The present invention has been made in view of the above circumstances, and the precipitation-hardened martensite-based stainless steel of the present invention has the following mass%, C: 0.030 to 0.065%, Si: 1.0 to 2.0%, Mn: 0.51 to 1.50%, P: 0.04% or less, S: 0.0020% or less, Ni: 4.0 to 10.0%, Cr: 11.0 to 18 .0%, Mo: 0.1 to 1.50%, Cu: 0.30 to 6.0%, Al: 0.005 to 0.2%, Sn: 0.003 to 0.030%, N: 0.001 to 0.015%, Ti: 0.15 to 0.45%, Nb: 0.15 to 0.55%, Ca: 0.0025% or less, Mg: 0.0001 to 0.0150%, O: Containing 0.01% or less, the balance is Fe and unavoidable impurities, and the formula (1) is satisfied. It is characterized in that (%) is 1.0 to 9.0.
Sn + 0.009Cu ≤ 0.06 ... (1)
δcal. (Vol.%) = 4.3 × (1.3Si + Cr + Mo + 2.2Al + Ti + Nb)-3.9 (30C + 30N + Ni + 0.8Mn + 0.3Cu) -31.5 ... (2)
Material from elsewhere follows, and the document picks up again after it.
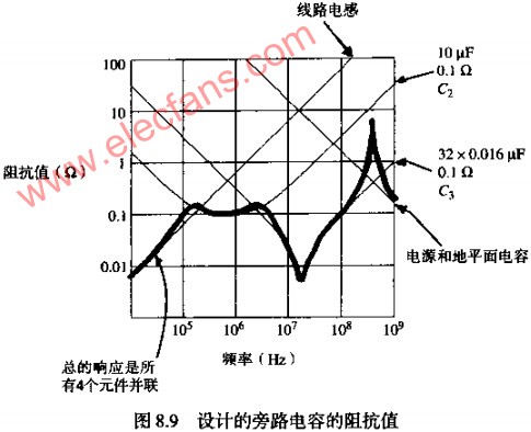 上式計算了圖8.9中電容C2和電容陣列C3的曲線。圖8.9中假設(shè)C2和C3電容陣列的每個元件的ESR都為0.1歐,總的電路板面積為10IN的2次方,電源的和地之間有0.01IN厚的FR-4電介質(zhì)。

The precipitation hardening martensitic stainless steel of the present invention preferably contains B: 0.0010 to 0.0020%.

The precipitation hardening martensitic stainless steel of the present invention preferably satisfies the formula (3).
Nb-Ti> 0 ... (3)

The method for producing the precipitation-curable martensite-based stainless steel of the present invention is the above-mentioned method for producing the precipitation-curable martensite-based stainless steel, which is Ni alloy scrap, iron scrap, stainless scrap, ferrochrome, ferronickel, and pure. Raw materials of nickel and metallic chrome are melted in an electric furnace, and then oxygen gas and argon gas are blown to decarburize and refine the refractory in an AOD or VOD furnace lined with slag or dolomite, and fresh lime is used. Add slag, Al, Si, CaO: 40-70%, SiO ₂ : 1-20%, Al _{2O 3} : 5-20%, MgO: 5-20%, F: 1-10%. After forming the composed CaO-SiO ₂ -Al _{2O 3} -MgOF system slag and desulfurizing and deoxidizing, the Ti source and Nb source are charged, and after refractory by the above AOD furnace or VOD, the LF step is performed. After adjusting the composition and temperature in the above, continuous casting is performed to produce a rectangular slag, which is then hot-rolled, and if necessary, cold-rolled and solidified and heat-treated.

In the method for producing a precipitation hardening martensitic stainless steel of the present invention, it is preferable that the solidification heat treatment is performed at 900 to 1150 ° C.

(A) is a graph showing the influence of the amount of Si on the penetration depth, and (b) is a graph showing the influence of the amount of Si on the weld bead width. (A) is a graph showing the influence of the amount of Al on the number of unevenness of the weld bead, and (b) is a graph showing the influence of the amount of Ti on the number of unevenness of the weld bead. It is a graph which shows the influence of the addition amount of Ti, Nb on the number of unevennesses on a weld bead. It is a graph which shows the influence of the Cu amount on the welding crack generation in a ballest train test. It is a graph which shows the influence of the amount of Cu and Sn on the generation of welding cracks.

Welding of steel belts is generally performed by forming an I groove and performing one-pass welding without using a welding rod. After construction with the minimum required heat input, the weld bead is removed to the same thickness as the base metal on both the front and back, so-called bead cut is applied. However, recently, there is a strong tendency toward thickening, and thick belts that cannot be completed by one-pass welding, for example, steel belts having a plate thickness of more than 3.5 mmt, have been put into practical use. Furthermore, there is a strong demand for wider width, and 5ft. Wide belts have been put into practical use. When this happens, the idea of weldability has become stricter. It is the same as before that no welding rod is used, but the number of welding passes is 3 to 4 so that (1) defects such as cracks occur during welding even if the work is performed with a larger heat input than before. Not to do so, (2) Since the oxidation scale of the bead surface is removed between the passes, it is necessary that the occurrence of oxidation scale is small, the bead surface is smooth and the treatment is easy. It is required to be stable even if it is done by length. In particular, when the treatment of (2) is insufficient, welding defects are generated in the next pass, so improvement is required.

The inventors have conducted diligent research to solve the above problems. In order to impart excellent weldability, welding with a large amount of heat input is performed on a material with a thicker plate than before, and a composition that can secure weld crack resistance and bead shape while ensuring penetration is widely studied. rice field.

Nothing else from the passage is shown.